* [How to complete this task]: Would you transcribe the records below from the line with "Back Suspension Seat." to the line with "[입학처] 본교 AJOU 전공기부단 모집", ends included, exactly and with nothing more, leaving the pictures out?

* [Data for review]:
--- START ---

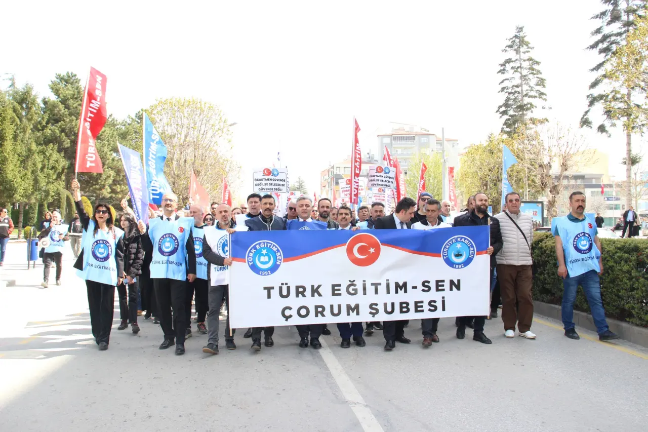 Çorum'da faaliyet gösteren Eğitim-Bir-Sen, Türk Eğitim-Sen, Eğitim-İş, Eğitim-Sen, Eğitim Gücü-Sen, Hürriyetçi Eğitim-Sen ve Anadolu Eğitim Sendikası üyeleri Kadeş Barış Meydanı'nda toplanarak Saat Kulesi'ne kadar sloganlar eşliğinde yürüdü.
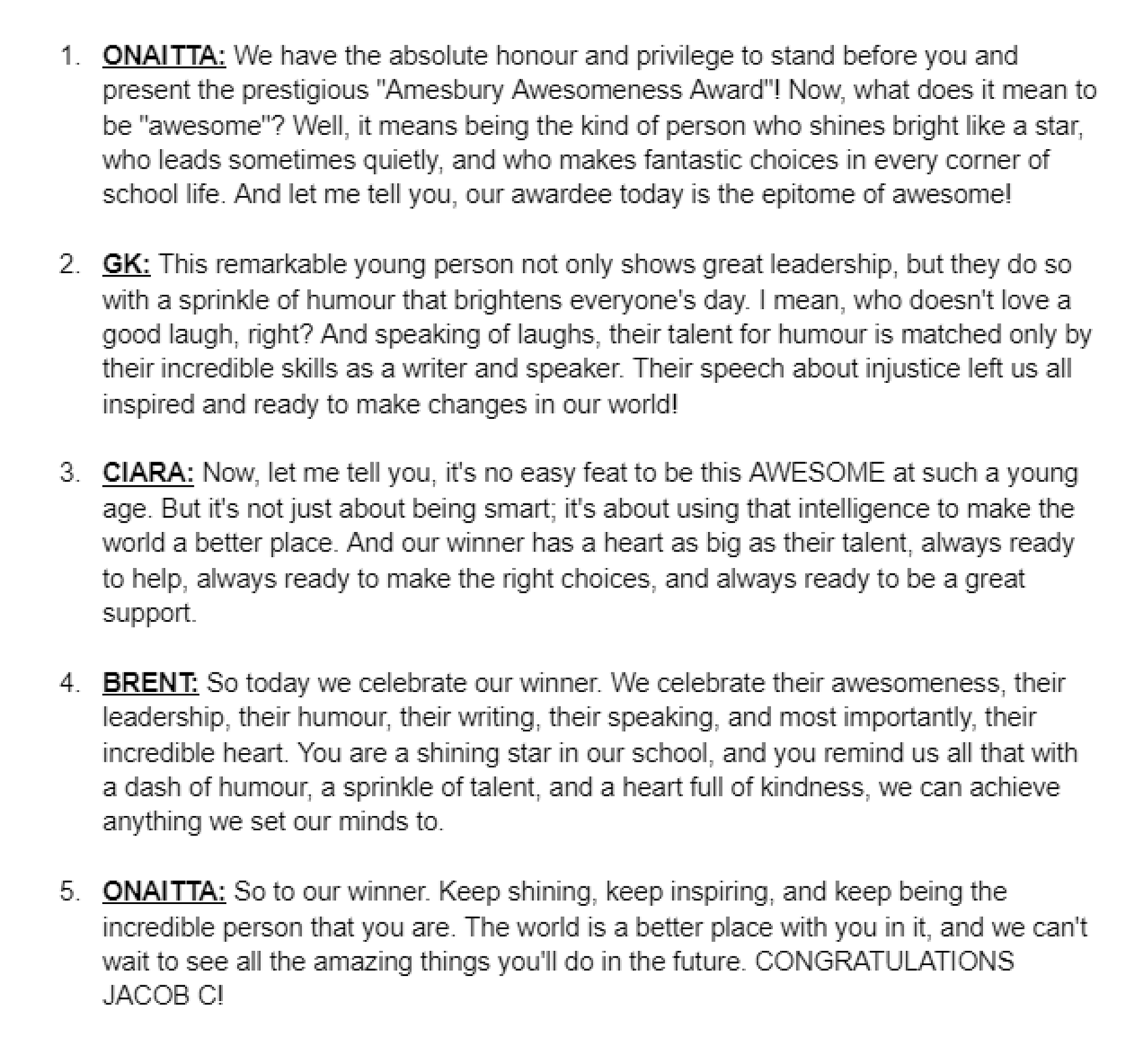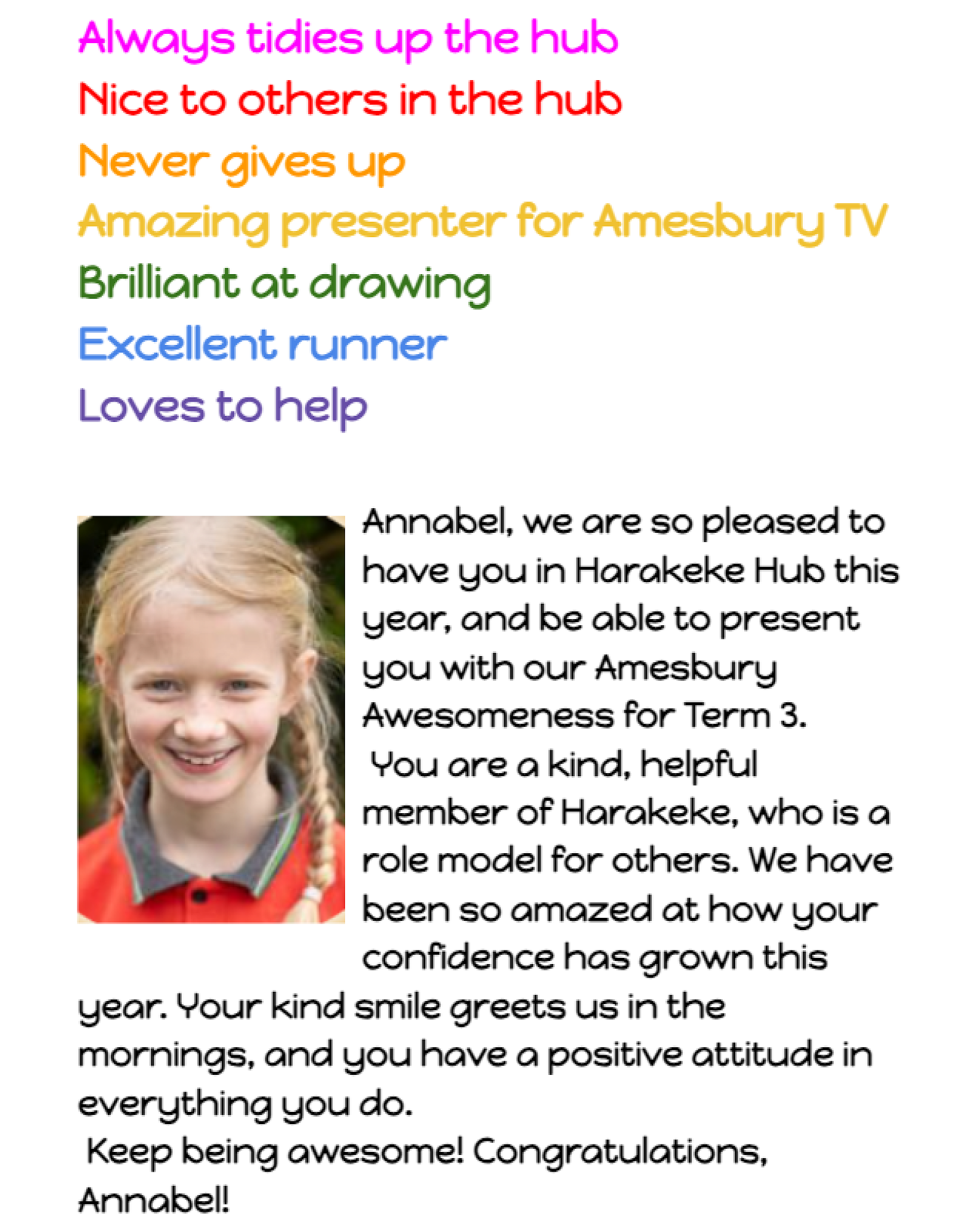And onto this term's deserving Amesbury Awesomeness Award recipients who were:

--- END ---
--- START ---

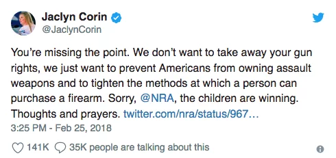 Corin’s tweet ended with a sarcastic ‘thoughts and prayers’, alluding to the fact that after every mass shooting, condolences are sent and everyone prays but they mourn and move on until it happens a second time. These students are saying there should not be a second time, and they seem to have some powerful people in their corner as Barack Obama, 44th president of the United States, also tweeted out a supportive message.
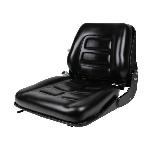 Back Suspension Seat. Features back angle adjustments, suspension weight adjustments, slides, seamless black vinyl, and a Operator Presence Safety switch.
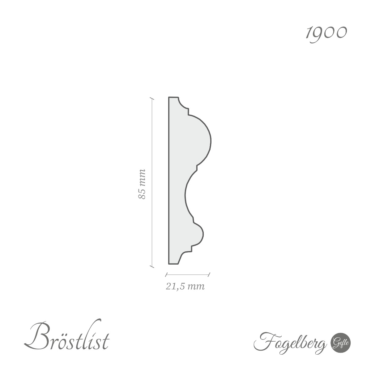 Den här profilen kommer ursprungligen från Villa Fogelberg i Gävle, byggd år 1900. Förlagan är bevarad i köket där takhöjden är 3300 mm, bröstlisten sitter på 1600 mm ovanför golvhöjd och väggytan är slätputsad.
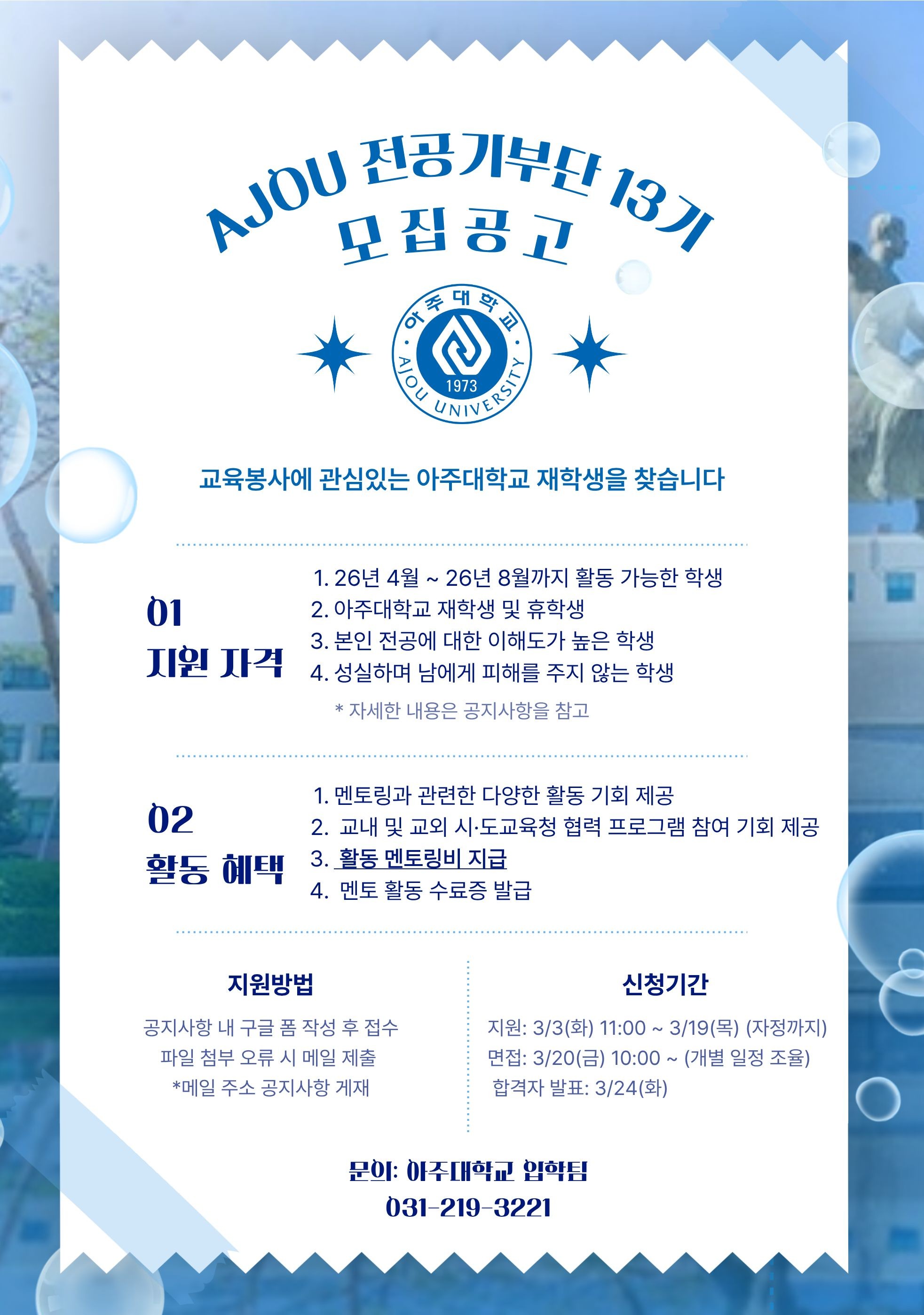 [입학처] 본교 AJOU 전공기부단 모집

--- END ---

* [Task solution]:
 Back Suspension Seat. Features back angle adjustments, suspension weight adjustments, slides, seamless black vinyl, and a Operator Presence Safety switch.
 Den här profilen kommer ursprungligen från Villa Fogelberg i Gävle, byggd år 1900. Förlagan är bevarad i köket där takhöjden är 3300 mm, bröstlisten sitter på 1600 mm ovanför golvhöjd och väggytan är slätputsad.
 [입학처] 본교 AJOU 전공기부단 모집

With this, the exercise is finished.